Huntington was the location of Huntington Stadium, a multi-purpose facility which acted primarily as the home of York City Knights. Next to the stadium lied York WaterWorld. Both were mothballed in 2014 in preparation for works on the York Community Stadium. The project would see WaterWorld demolished and Huntington Stadium rebuilt to higher specifications. The new community stadium is home to both York City Knights and York City F.C., the latter relocating from Bootham Crescent, which is to be demolished to make way for a housing development.

A new regional standard athletics track was constructed at the University of York as part of the project to replace the track at Huntington. City of York Athletics Club relocated from Huntington to the university as a result.
The old stadium's main playing area was completely surrounded by an athletics track and there was also a small area which was used for hammer throwing, shot put and discus. The stadium was equipped with floodlights. There was an all-seater main stand plus a full-length standing-only covered stand on the opposite side.

A community archaeology project was undertaken by York Archaeological Trust in 2015 to record the site of a Roman Marching Camp Site. The work of the local community project "Dig York Stadium" produced a historical record.

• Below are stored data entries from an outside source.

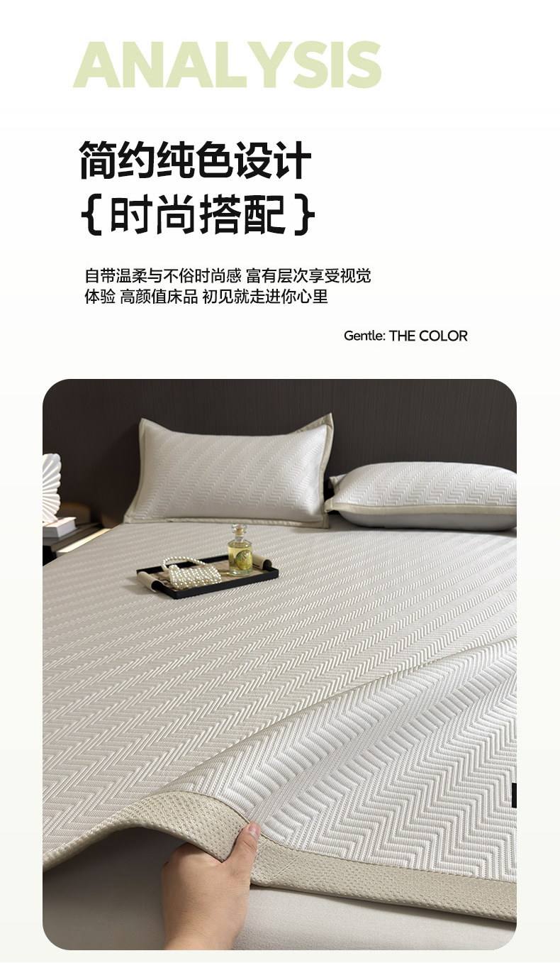 慕木家纺 2026新款A类高克重三明治复合乙纶提花冰豆豆凉席床笠冰棱斜纹系列(提供买家秀) 组合图床笠款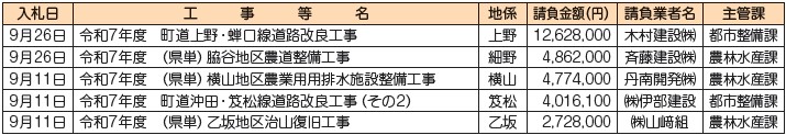 しごと 令和7年度 入札結果一覧 9月10日~10月7日 10/33 前の記事 次の記事 発行日 : 2025年11月01日 自治体名 : 福井県越前町 広報紙名 : 広報えちぜん 令和7年11月号 *金額の大きい順で上位5件を掲載しています。そのほかの入札結果については、町ホームページをご覧ください。 Tweet シェアする 町からのお知らせーえちぜんInformationー(3) 家庭ごみの正しい分け方・出し方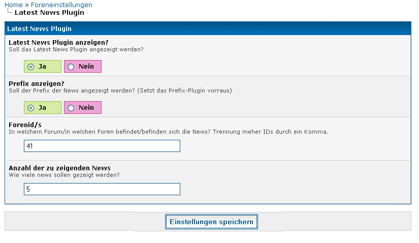 The Latest News Plugin is a Plugin which shows the last News from a forum (adjustable) on the indexpage. Also, you can select how many news schould be displayed. The plugin can also be completely hidden. If the Prefix-Manager is installed, the prefix of the news can also be displayed.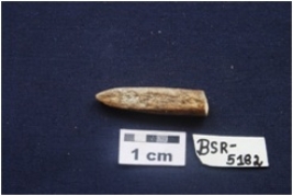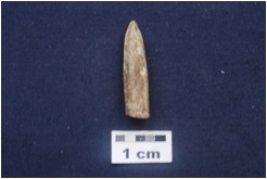 | Description / विवरण | Broken with oval cross-section, and with scoop marks , circular mark and prominent tip. Surface is smooth. |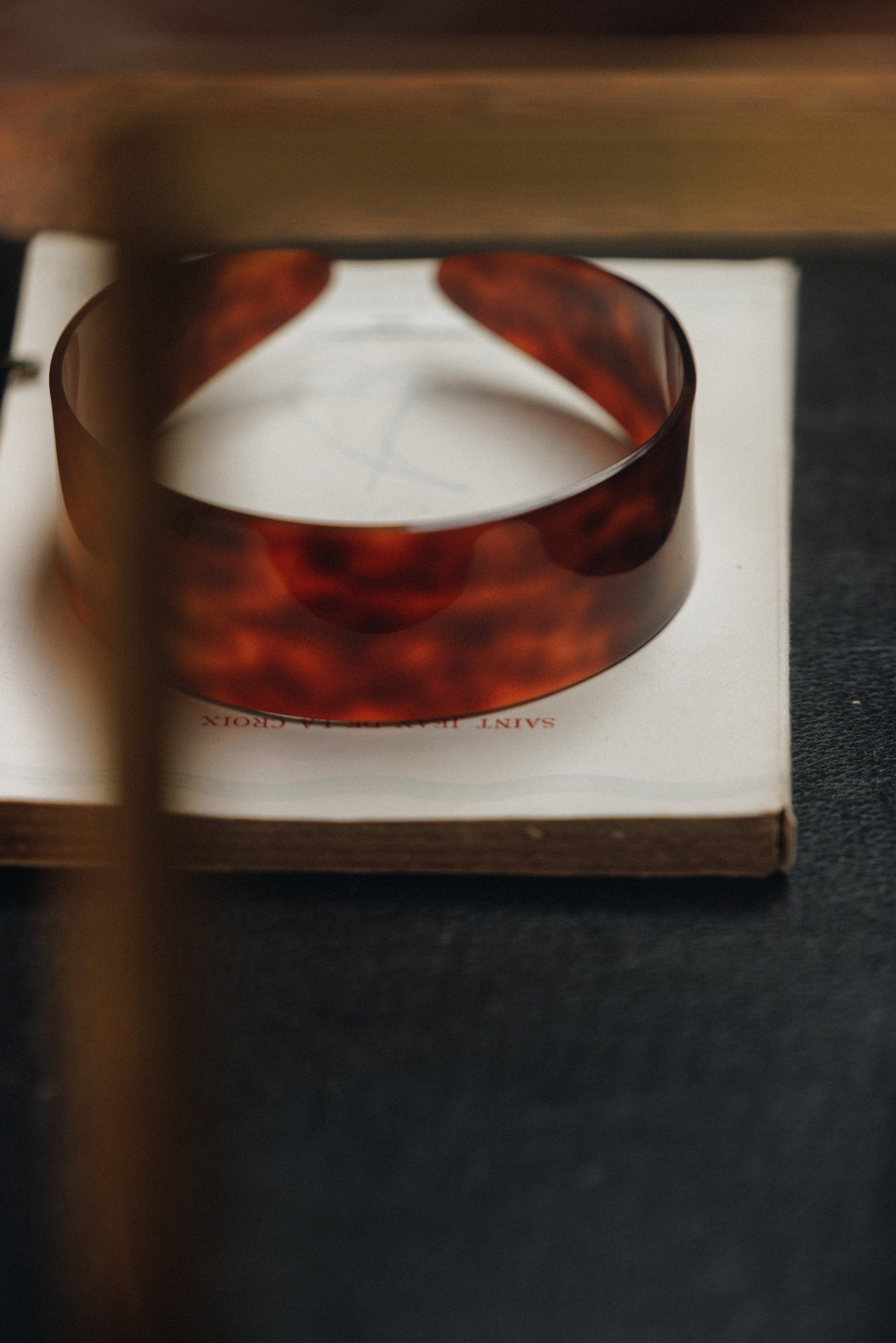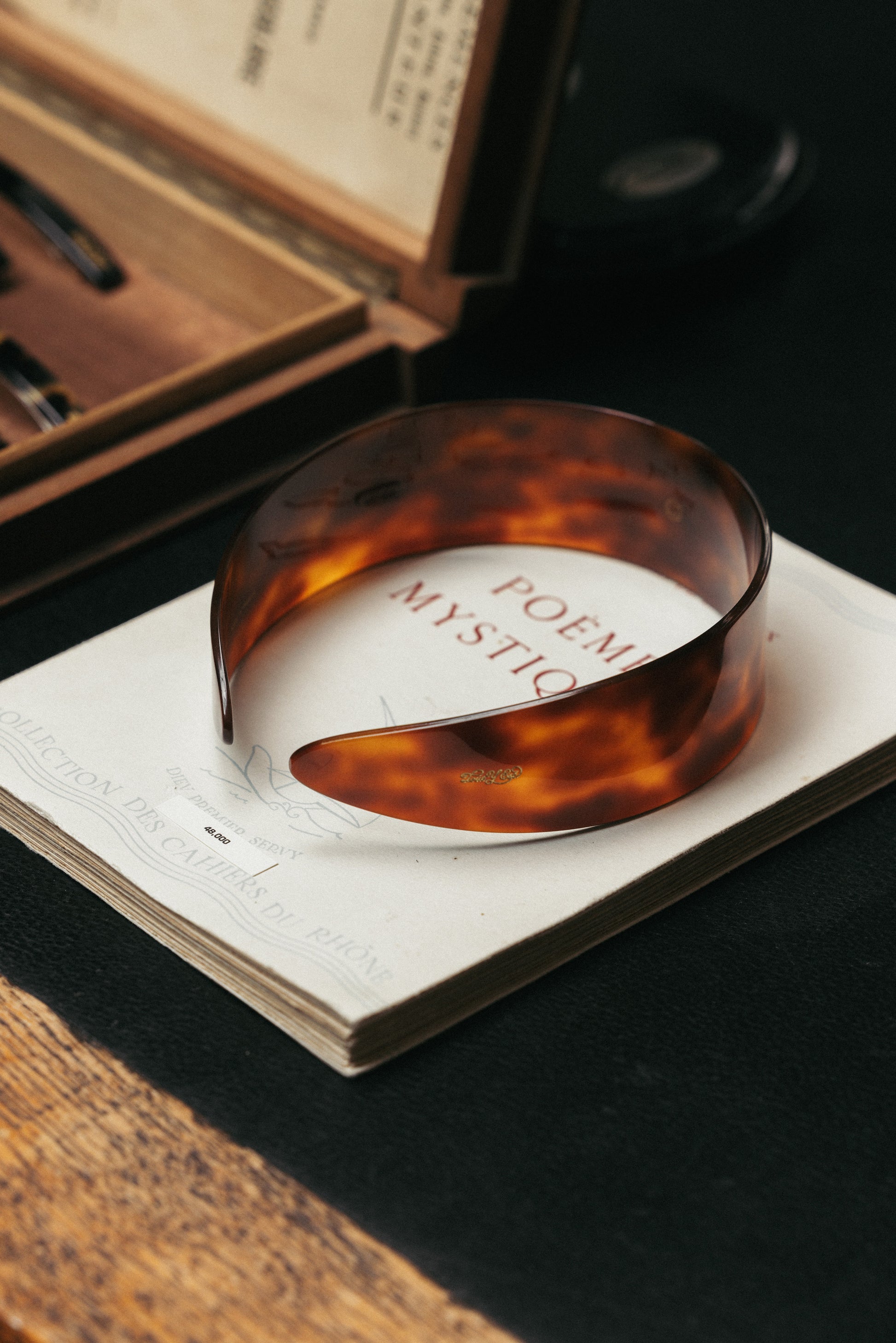 아세테이트는 면화와 목재 펄프에서 얻은 셀룰로오스를 원료로 한 천연 소재입니다. 합성 플라스틱과 달리 부드러운 질감과 자연스러운 광택, 깊이 있는 색감을 지니며, 색이 소재 전체에 고르게 스며들어 오랜 시간 사용해도 선명함과 광택을 유지합니다. 플라스틱 보다 품질과 질감이 훨씬 뛰어나지만, 제작 과정이 까다롭고 비용이 높아 고급 안경테나 헤어 액세서리에 주로 사용됩니다. 그중에서도 오요나에서 완성된 아세테이트는 표면이 유리처럼 매끄럽고, 색과 결이 선명하며, 뛰어난 내구성으로 형태와 아름다움을 오래 유지합니다.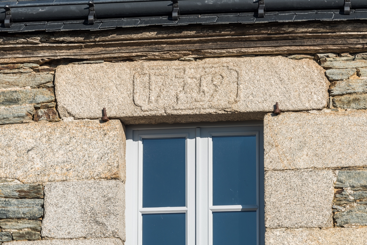 Maison abritant sous le même toit le logis et la pilerie. Façade ouest. Détail du linteau de fenêtre daté 1759Immatriculation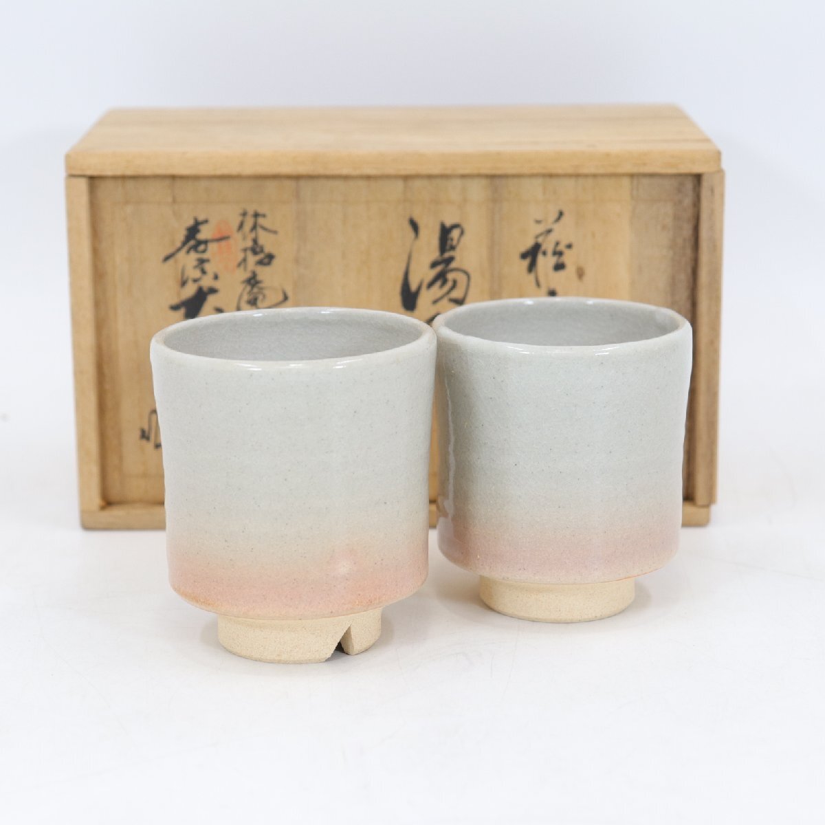 > ER-60 萩焼 林椿庵 十一代 春信 大和松緑 湯呑み 2個 茶器 和食器 伝統工芸品 陶磁器 骨董品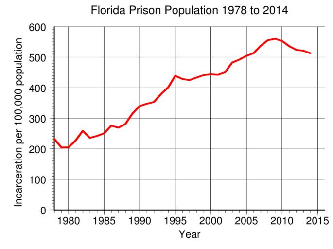Keywords: Florida Prison Population.svg en Florida prison incarceration rate per 100 000 population from 1978 to 2014 Data from http //www bjs gov/index cfm ty nps BJS own Delphi234 2016-05-10 current annually Generated with Wikimedia SVG Chart SVG Chart/box Cc-zero Prisons in Arizona Imprisonment and detention rates in the United States |
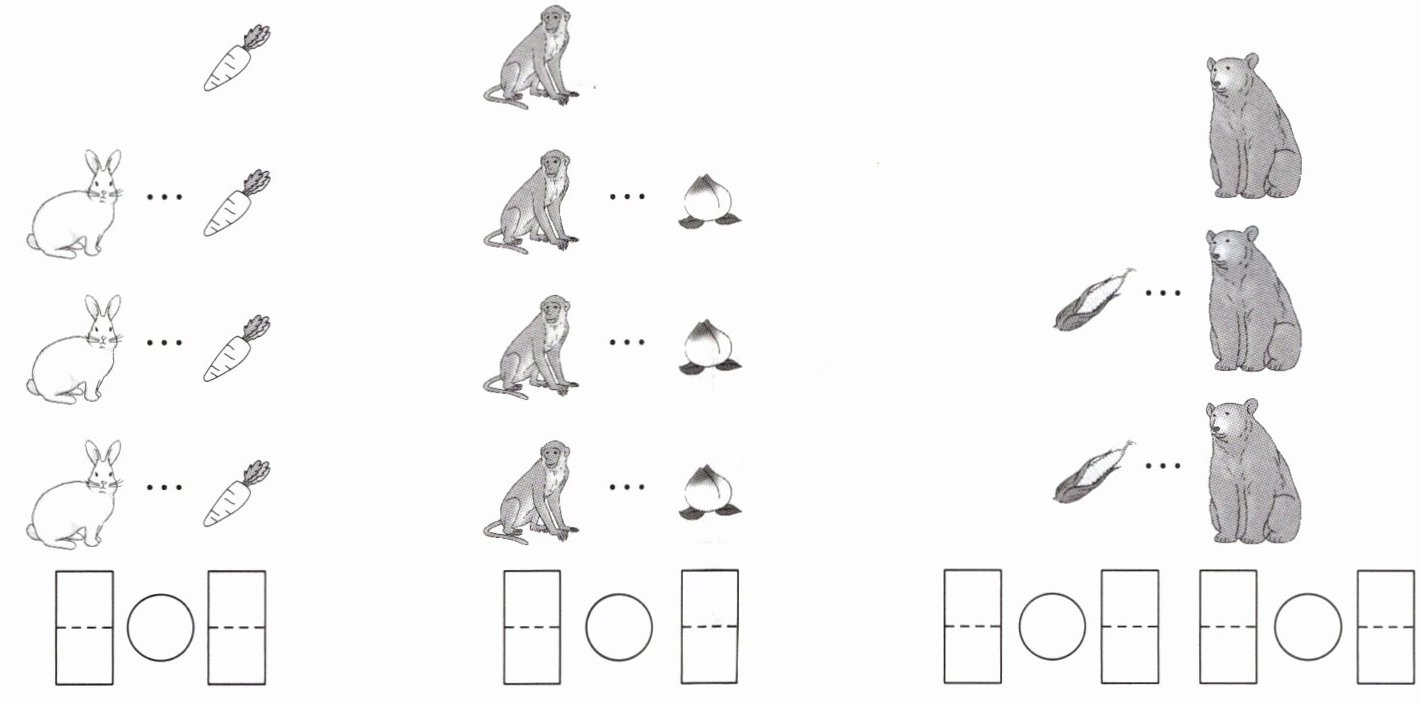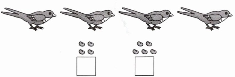 1. 每只小鸟吃一粒豆子,哪一堆正合适?在下面的$□$里画“√”。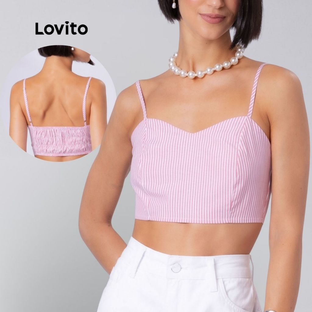 Lovito Top Regata Feminina Alça Fina Listrada LB337BRL366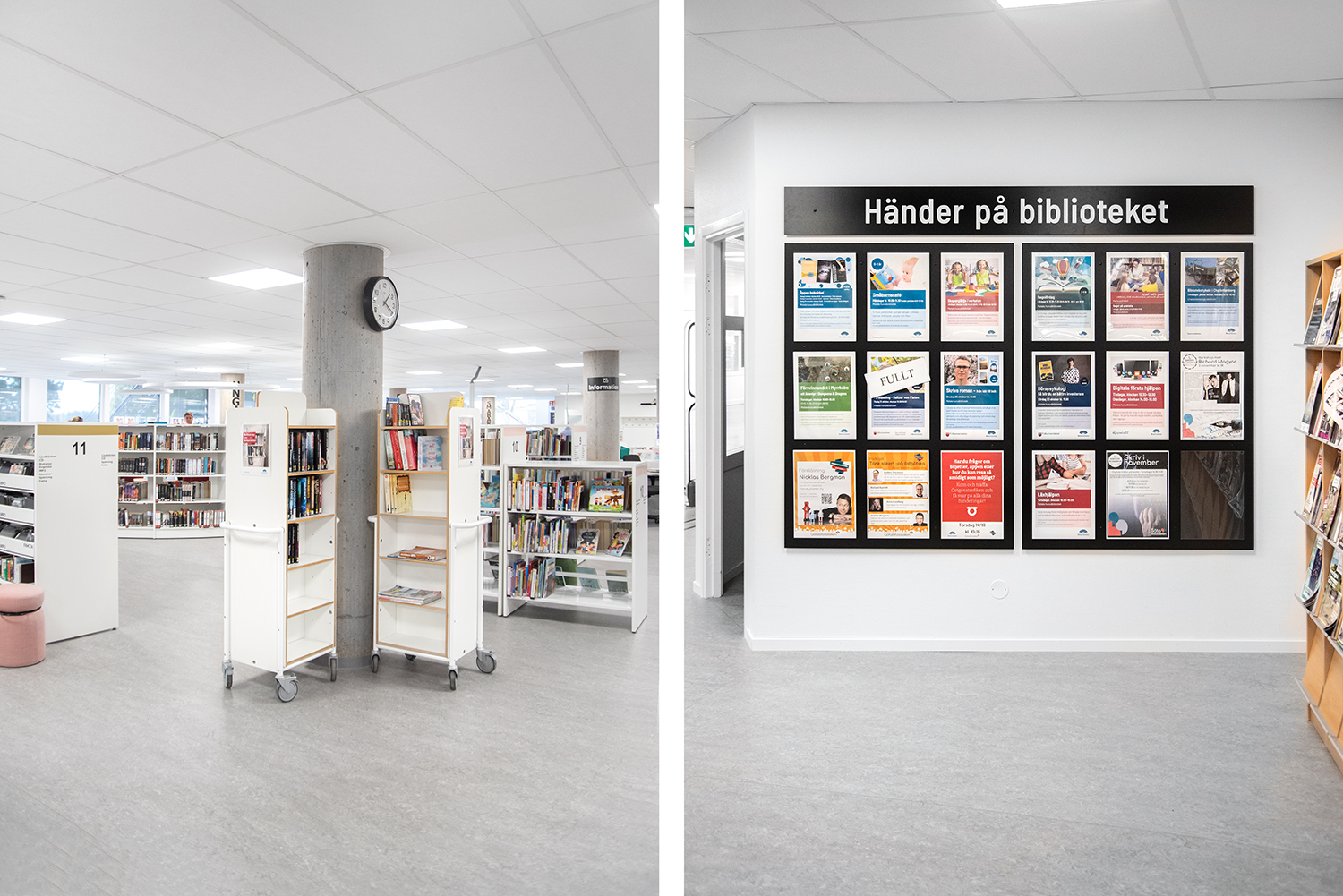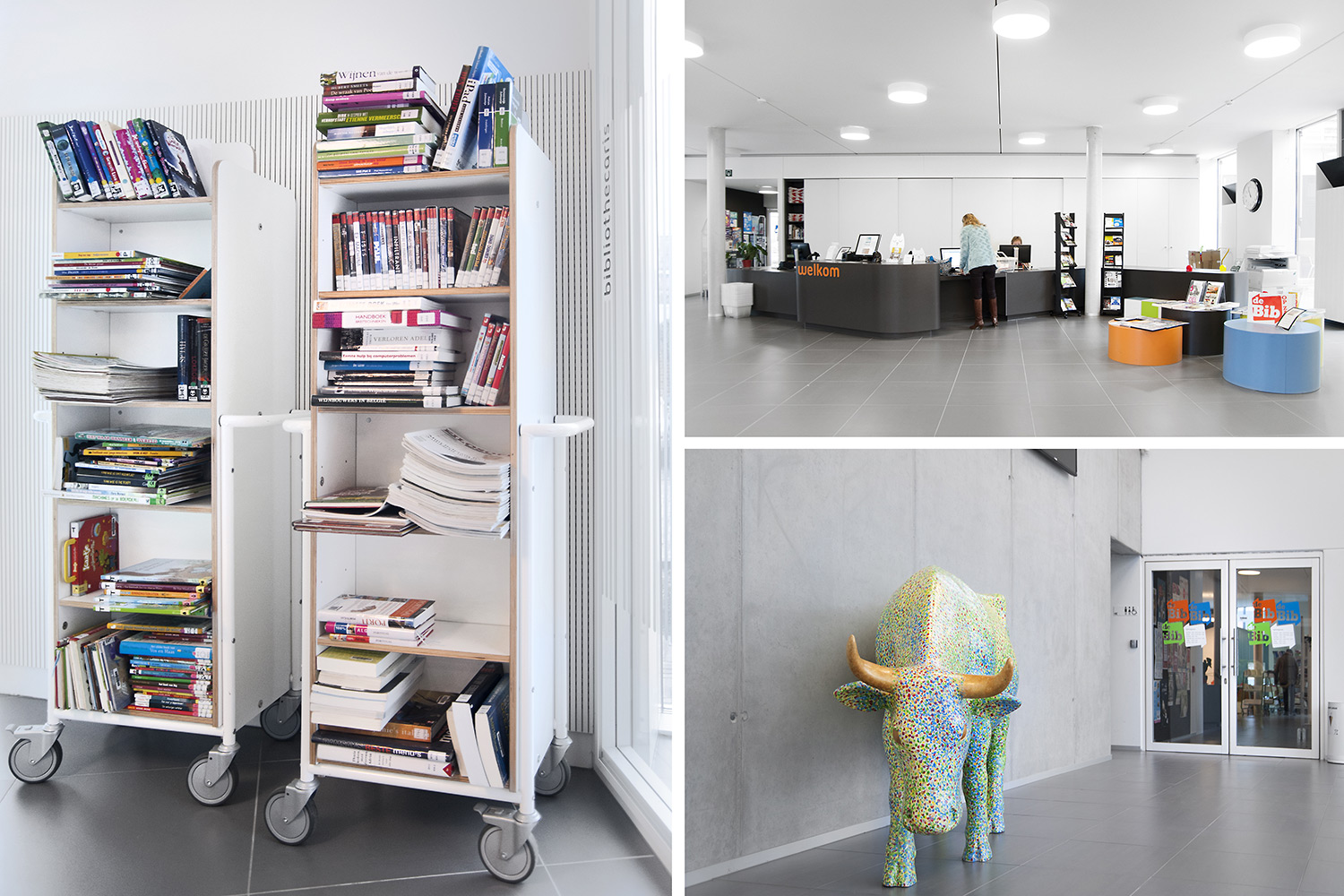 Denne bogvogn kan bruges som et reolsystem, der kan køres rundt i biblioteket efter behov. Perfekt til udlån, returneringer og udstilling af nye bøger.

After the York Dig had concluded on 19 June 2015 demolition of Huntington Stadium began. The project faced delays in 2016 following a legal challenge to a planning application and further delays due to being unable to put on required test events in 2020, both before and during the COVID-19 pandemic. Nonetheless the LNER Community Stadium complex opened in 2021, and was a host stadium for the 2021 Women's Rugby League World Cup.